Summary:

Song and colleagues describe how N-glycans stabilize expression of checkpoint molecule B7-H4 that suppresses T-cell function. Inhibiting N-glycan stabilization of B7-H4 generates an immune hot cancer that is more responsive to combination therapies.

See related article by Song et al., p. 1872.

The benefits of cancer immunotherapy have been significant for some immunogenic cancers including melanoma and mismatch repair–deficient gastrointestinal cancer; however, only a small proportion of people with other solid cancers show a favorable response to currently used immune checkpoint inhibitors. The cancer immunity cycle (1) provides a rationale for understanding response to immunotherapy by describing several barriers that must be overcome for host immunity to be able to mount an effective anticancer response.

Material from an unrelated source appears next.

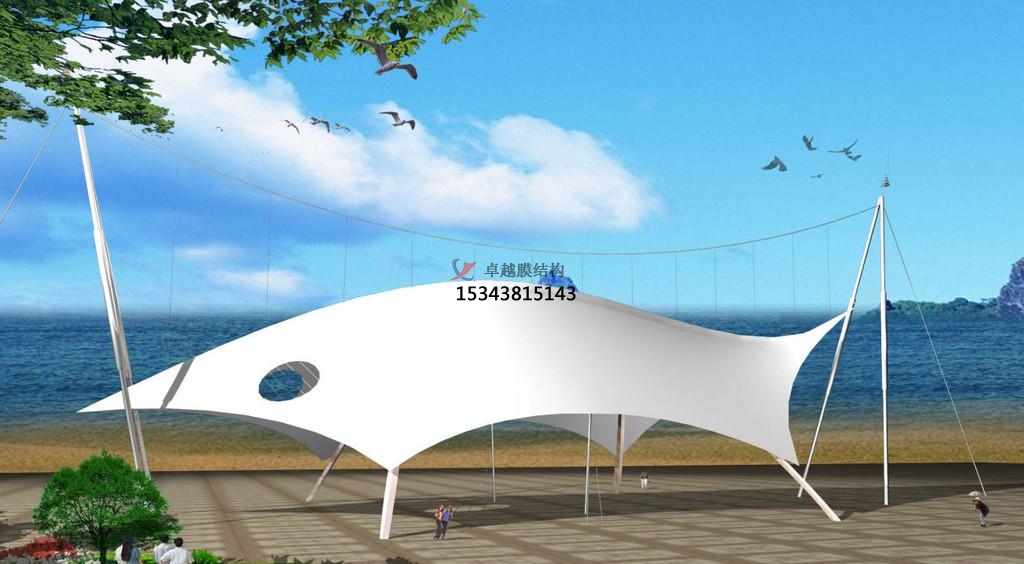 以膜材、鋼索及支柱構(gòu)成,利用鋼索與支柱在膜材中導(dǎo)入張力以達安 定的形式。除了可實踐具創(chuàng)意,創(chuàng)新且美觀的造型外,也是比較能展現(xiàn)膜結(jié) 構(gòu)精神的構(gòu)造形式。 大型跨距空間也多采用以鋼索與壓縮材構(gòu)成鋼索網(wǎng)來支撐上部膜材的形式。因施工精度要求]高,結(jié)構(gòu)性能強,且具豐 富的表現(xiàn)力,所以造價略高于骨架式景觀膜結(jié)構(gòu)遮陽棚。
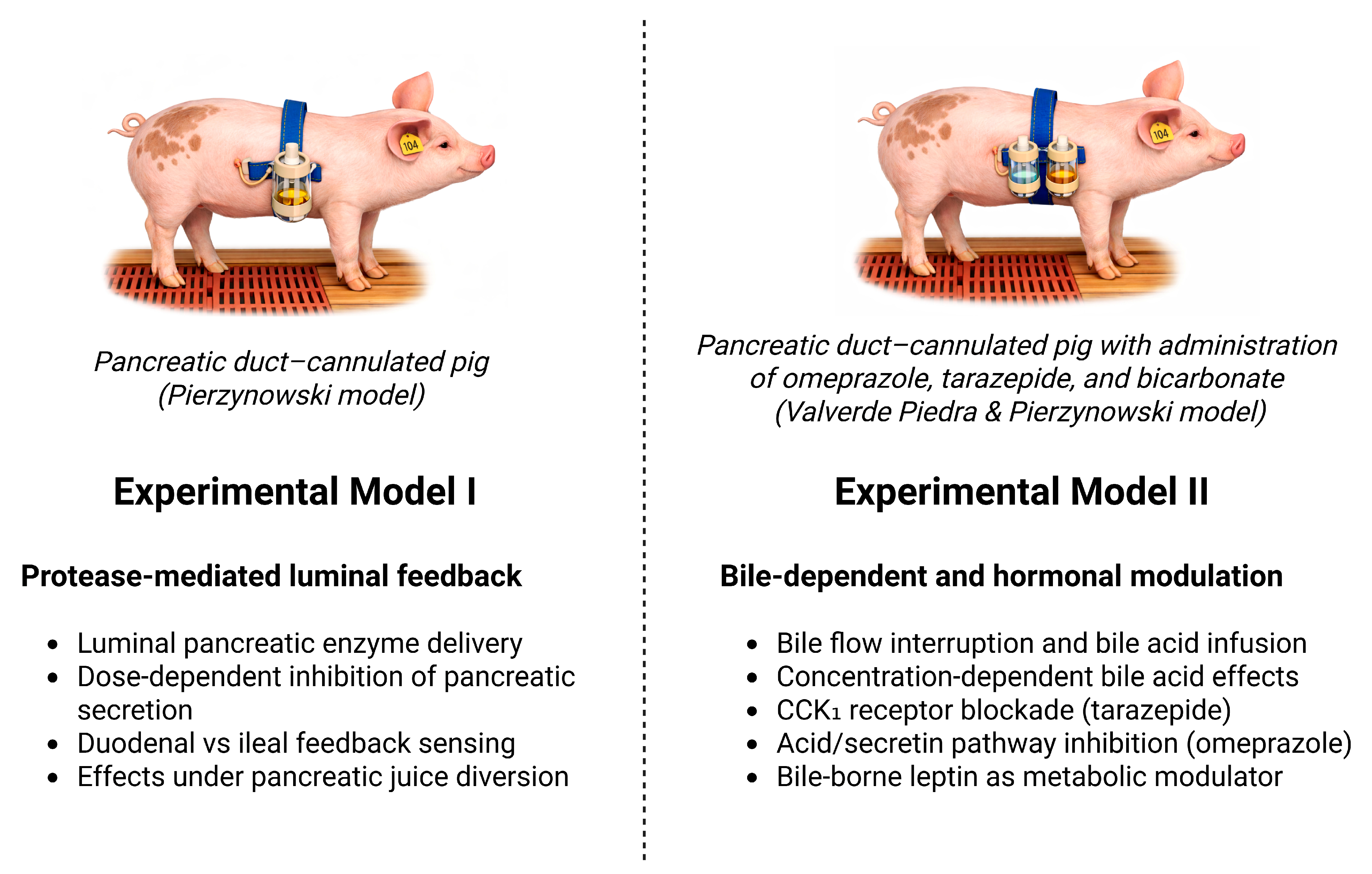 By integrating selective withdrawal and controlled reintroduction of pancreatic juice and bile with targeted pharmacological interventions, this study aimed to delineate the relative contribution and functional hierarchy of luminal enzyme feedback, bile acid signalling, hormonal pathways, and bile-associated metabolic cues in the coordinated regulation of pancreatic exocrine function.

From the cycle, three broad cancer immune phenotypes (2) were derived that are defined by where the immunity cycle is interrupted, called immune desert (cold tumors with low immune infiltrate), inflamed (hot tumors with significant immune cell infiltrate), and inflamed excluded (a subtle variation of the inflamed that is defined by the location of immune cells within the tumor tissue). These immune phenotypes appear to be a feature of several cancer types, and the immune cold phenotype, which is the least responsive to immunotherapy, may be present in more than 50% of cases for some cancers (3). Cold tumors result from defective immune priming and immunologic ignorance (lack of antigens and antigen presentation). Immunotherapeutic approaches to treat patients with cold tumors include vaccinations, redirection of immune cells by the use of genetic manipulation (transduction of T-cell receptors or chimeric antigen receptors), and induction of immunogenic cell death. To understand how immune cold tumors can be “heated” up, it is important to determine the exact mechanisms that lead to cold tumors.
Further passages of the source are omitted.